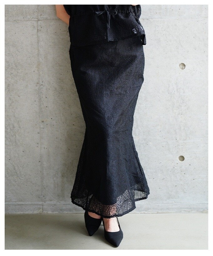 繊細なレース生地をふんだんに使用したスカートは、リッチな大人の綺麗めスタイリングにぴったりな一枚。細やかなレース刺繍が全面にあしらわれ上品さを纏う贅沢さが存在感を放ち、穿くだけで高見えスタイリングを叶えます。ウエストゴムを採用し、エレガントな着こなしながらもリラクシーな穿き心地でストレスフリーに。立体裁断の切り替えでマーメイドライクなシルエットを演出し、すっきりとした女性らしいラインを引き出します。さらりと滑らかな裏地付きで肌の通りも良く、脚さばきも快適に。足下の透け感で軽やかな印象を纏い、ロング丈ながらも重たくならず涼しげに。綺麗めには勿論のこと、カジュアルなトップスとMIXしてもサマ見えします。同素材のブラウスと合わせればセットアップ風な着こなしを楽しめます。
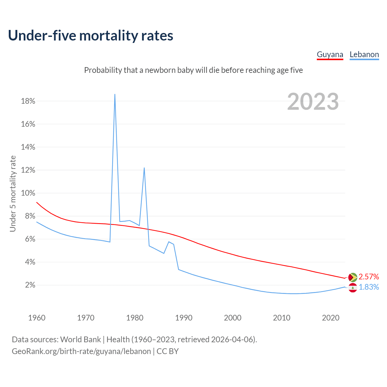 The chance that a newborn baby will die before reaching age five is 2.57% in Guyana and 1.83% in Lebanon. Above is a chart with historical data on under-five mortality rates.
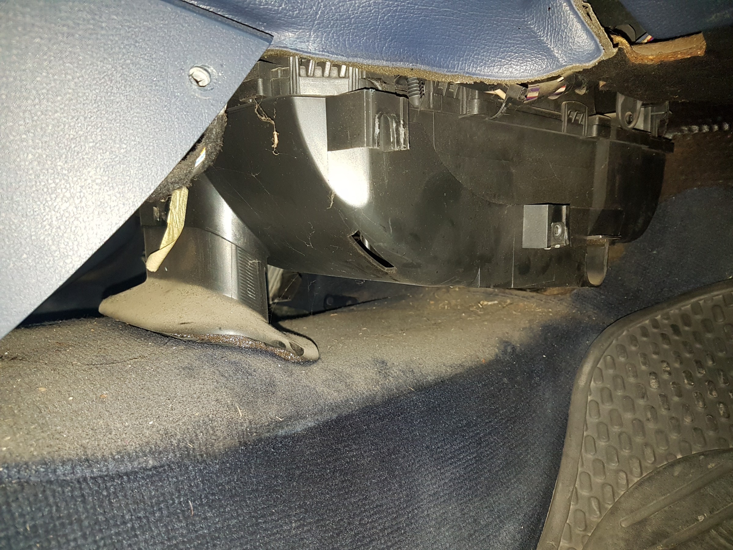 Днес отворих пластмасите, които са долу в краката на шофьора и пасажера, където е предполагаемото място на радиатора на купето, но няма и капка, която да подсказва за течове.
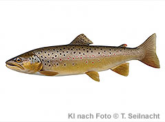 Die Bachforelle ist an der Seite dunkler als die Regenbogenforelle gefärbt. Sie bevorzugt klare, kalte Fließgewässer und benötigt einen hohen Sauerstoffgehalt und absolut saubere Gewässer. Bachforellen sind Winterlaicher und pflanzen sich zwischen Oktober und Januar fort. Das Weibchen schlägt mit ihrem Schwanz eine bis zu 30 cm tiefe Laichgrube. Die klebrigen Eier werden nach dem Ablaichen vom Männchen besamt und mit Kies bedeckt. Jüngere Tiere ernähren sich von Insektenlarven und Bachflohkrebsen, während erwachsene Bachforellen auch Kleinfische, Laich und sogar Amphibien fressen.
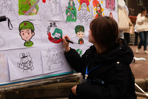 学生涂色 刘靖瑶摄
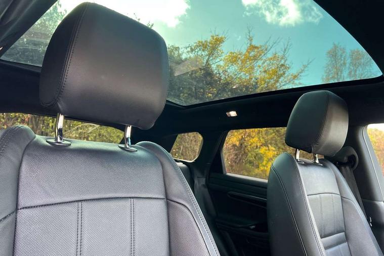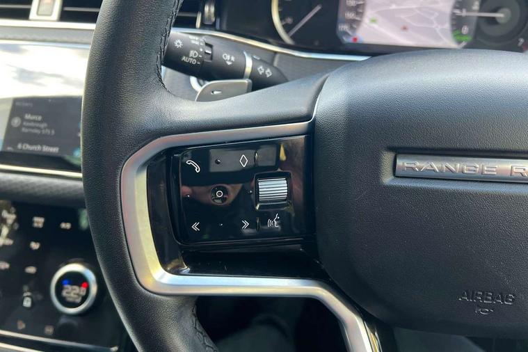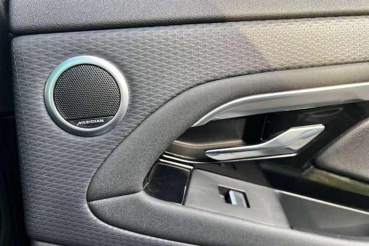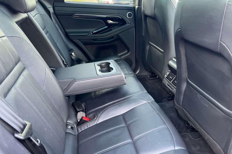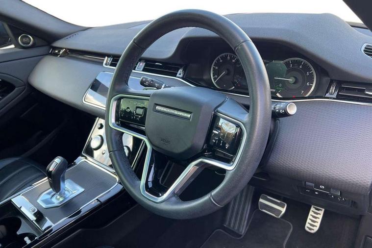 Adaptive cruise control, Android Auto, Apple car play, Bluetooth connectivity, Brake pad wear indicator warning light, Driver condition monitor, eCall emergency system, Electronic power assisted steering (EPAS), Front and rear parking aid, InControl remote, Land Rover InControl apps, Lane keep assist, Pivi pro connected includes upgraded infotainment, connected navigation pro, Nuance speech licence, Push button starter, Traffic sign recognition with adaptive speed limiter, Voice control system, 7 kW onboard charger, All terrain progress control, Electric rear axle drive, Home charging cable, Large fuel tank, Passive suspension, Public charging cable, Terrain Response 2 Auto, Digital Audio Broadcast radio-DAB, Steering wheel mounted controls, Auto headlights, Daytime running lights, Electric windows with one touch open/close and anti trap, Evoque and R-Dynamic badge, Flush deployable exterior door handles, Heated rear window with timer, Heated washer jets, Heated windscreen, P300e badge, Power fold, auto-dimming, heated door mirrors with approach lights and auto dimming driver side, Privacy glass, Rain sensing windscreen wipers, Rear fog lights, Rear side wing doors, Rear wiper, Tailgate spoiler, Third brake light, 40:20:40 split folding rear seats with centre headrest and armrest, Ambient interior lighting, Bright metal pedals, Heated steering wheel, Isofix system on outer rear seats, Overhead lighting console, Overhead stowage for sunglasses, Passive front head restraints, Rear air vents, Rear centre headrest, Rear head restraints, Satin chrome gearshift paddles, Single passenger seat, Sunvisors with illuminated vanity mirrors, Twin sliding front centre armrest, 3 rear 3 point seatbelts, Anti-lock braking system (ABS), Customer configurable autolock, DSC - Dynamic Stability Control, Electronic brake force distribution, Electronic parking brake, Electronic traction control, Emergency braking, Front and rear seatbelt reminder, Hill descent control, Hill launch assist, Low traction launch, Power operated child locks, Roll stability control, Six airbags - Driver and passenger airbags/driver knee airbag/front side airbag and curtain airbags, Torque vectoring brake, Tyre pressure monitoring system, Alarm, Immobiliser, Intrusion sensor, Locking wheel nuts,
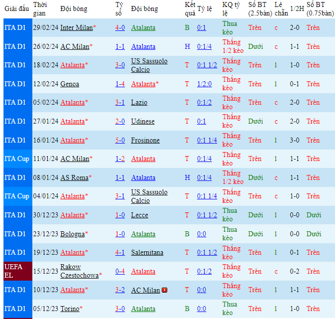Với việc phải nhận thất bại với tỉ số 0-4 trước đội bóng đầu bảng Inter Milan ở vòng đấu vừa rồi, Atalanta đã không thể tiếp tục duy trì được chuỗi trận thăng hoa của mình. Ngoài ra đó cũng là sự tai hại khi mà họ đã chính thức đánh mất lợi thế trong khu vực top 4. Trận đấu tiếp theo rõ ràng sẽ là một kèo đấu rất quan trọng đối với binh đoàn áo sọc xanh đen khi mà họ sẽ phải đụng độ với đối thủ cạnh tranh trực tiếp với mình là Bologna.
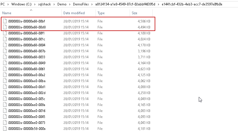 Suppose we have the following files stored in the SQL Server FILESTREAM container. First, we do not know the exact name of the files. SQL Server does not store the files in their original name. Instead, it assigns the names as per an internal mechanism.
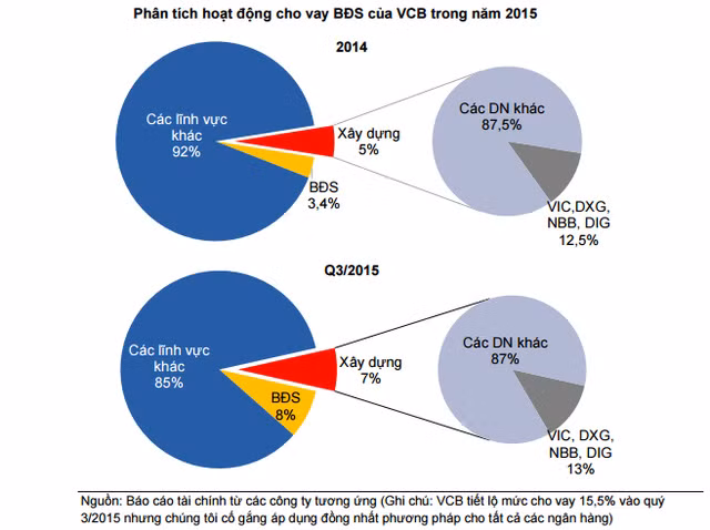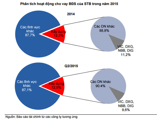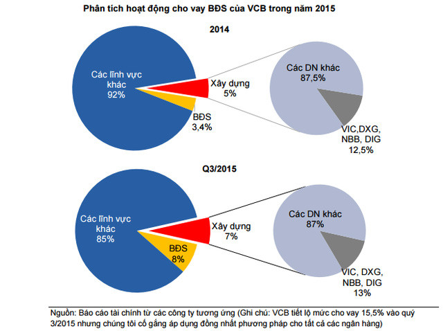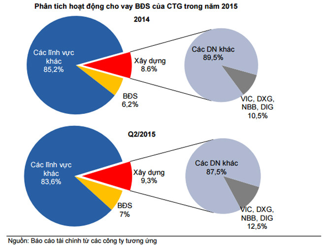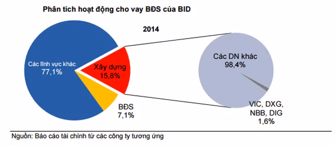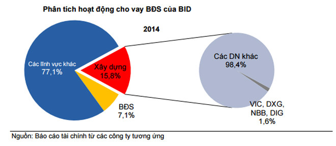 Báo cáo này chỉ ra, mặc dù thông tin cho vay bất động sản không được công bố đồng nhất, mức độ cho vay “xây dựng” và “bất động sản” của BIDV cho thấy có thể coi đây là ngân hàng hoạt động mạnh nhất trong lĩnh vực cho vay bất động sản với dự nợ bất động sản chiếm 22,9% trong tổng dư nợ năm 2014.

▶ _EXERCISE OBJECTIVE_
Repeat every line above precisely; pictures do not belong in the copy.

▶ _SOLUTION TO THIS TASK_
 繊細なレース生地をふんだんに使用したスカートは、リッチな大人の綺麗めスタイリングにぴったりな一枚。細やかなレース刺繍が全面にあしらわれ上品さを纏う贅沢さが存在感を放ち、穿くだけで高見えスタイリングを叶えます。ウエストゴムを採用し、エレガントな着こなしながらもリラクシーな穿き心地でストレスフリーに。立体裁断の切り替えでマーメイドライクなシルエットを演出し、すっきりとした女性らしいラインを引き出します。さらりと滑らかな裏地付きで肌の通りも良く、脚さばきも快適に。足下の透け感で軽やかな印象を纏い、ロング丈ながらも重たくならず涼しげに。綺麗めには勿論のこと、カジュアルなトップスとMIXしてもサマ見えします。同素材のブラウスと合わせればセットアップ風な着こなしを楽しめます。
 The chance that a newborn baby will die before reaching age five is 2.57% in Guyana and 1.83% in Lebanon. Above is a chart with historical data on under-five mortality rates.
 Днес отворих пластмасите, които са долу в краката на шофьора и пасажера, където е предполагаемото място на радиатора на купето, но няма и капка, която да подсказва за течове.
 Die Bachforelle ist an der Seite dunkler als die Regenbogenforelle gefärbt. Sie bevorzugt klare, kalte Fließgewässer und benötigt einen hohen Sauerstoffgehalt und absolut saubere Gewässer. Bachforellen sind Winterlaicher und pflanzen sich zwischen Oktober und Januar fort. Das Weibchen schlägt mit ihrem Schwanz eine bis zu 30 cm tiefe Laichgrube. Die klebrigen Eier werden nach dem Ablaichen vom Männchen besamt und mit Kies bedeckt. Jüngere Tiere ernähren sich von Insektenlarven und Bachflohkrebsen, während erwachsene Bachforellen auch Kleinfische, Laich und sogar Amphibien fressen.
 学生涂色 刘靖瑶摄
 Adaptive cruise control, Android Auto, Apple car play, Bluetooth connectivity, Brake pad wear indicator warning light, Driver condition monitor, eCall emergency system, Electronic power assisted steering (EPAS), Front and rear parking aid, InControl remote, Land Rover InControl apps, Lane keep assist, Pivi pro connected includes upgraded infotainment, connected navigation pro, Nuance speech licence, Push button starter, Traffic sign recognition with adaptive speed limiter, Voice control system, 7 kW onboard charger, All terrain progress control, Electric rear axle drive, Home charging cable, Large fuel tank, Passive suspension, Public charging cable, Terrain Response 2 Auto, Digital Audio Broadcast radio-DAB, Steering wheel mounted controls, Auto headlights, Daytime running lights, Electric windows with one touch open/close and anti trap, Evoque and R-Dynamic badge, Flush deployable exterior door handles, Heated rear window with timer, Heated washer jets, Heated windscreen, P300e badge, Power fold, auto-dimming, heated door mirrors with approach lights and auto dimming driver side, Privacy glass, Rain sensing windscreen wipers, Rear fog lights, Rear side wing doors, Rear wiper, Tailgate spoiler, Third brake light, 40:20:40 split folding rear seats with centre headrest and armrest, Ambient interior lighting, Bright metal pedals, Heated steering wheel, Isofix system on outer rear seats, Overhead lighting console, Overhead stowage for sunglasses, Passive front head restraints, Rear air vents, Rear centre headrest, Rear head restraints, Satin chrome gearshift paddles, Single passenger seat, Sunvisors with illuminated vanity mirrors, Twin sliding front centre armrest, 3 rear 3 point seatbelts, Anti-lock braking system (ABS), Customer configurable autolock, DSC - Dynamic Stability Control, Electronic brake force distribution, Electronic parking brake, Electronic traction control, Emergency braking, Front and rear seatbelt reminder, Hill descent control, Hill launch assist, Low traction launch, Power operated child locks, Roll stability control, Six airbags - Driver and passenger airbags/driver knee airbag/front side airbag and curtain airbags, Torque vectoring brake, Tyre pressure monitoring system, Alarm, Immobiliser, Intrusion sensor, Locking wheel nuts,
Với việc phải nhận thất bại với tỉ số 0-4 trước đội bóng đầu bảng Inter Milan ở vòng đấu vừa rồi, Atalanta đã không thể tiếp tục duy trì được chuỗi trận thăng hoa của mình. Ngoài ra đó cũng là sự tai hại khi mà họ đã chính thức đánh mất lợi thế trong khu vực top 4. Trận đấu tiếp theo rõ ràng sẽ là một kèo đấu rất quan trọng đối với binh đoàn áo sọc xanh đen khi mà họ sẽ phải đụng độ với đối thủ cạnh tranh trực tiếp với mình là Bologna.
 Suppose we have the following files stored in the SQL Server FILESTREAM container. First, we do not know the exact name of the files. SQL Server does not store the files in their original name. Instead, it assigns the names as per an internal mechanism.
 Báo cáo này chỉ ra, mặc dù thông tin cho vay bất động sản không được công bố đồng nhất, mức độ cho vay “xây dựng” và “bất động sản” của BIDV cho thấy có thể coi đây là ngân hàng hoạt động mạnh nhất trong lĩnh vực cho vay bất động sản với dự nợ bất động sản chiếm 22,9% trong tổng dư nợ năm 2014.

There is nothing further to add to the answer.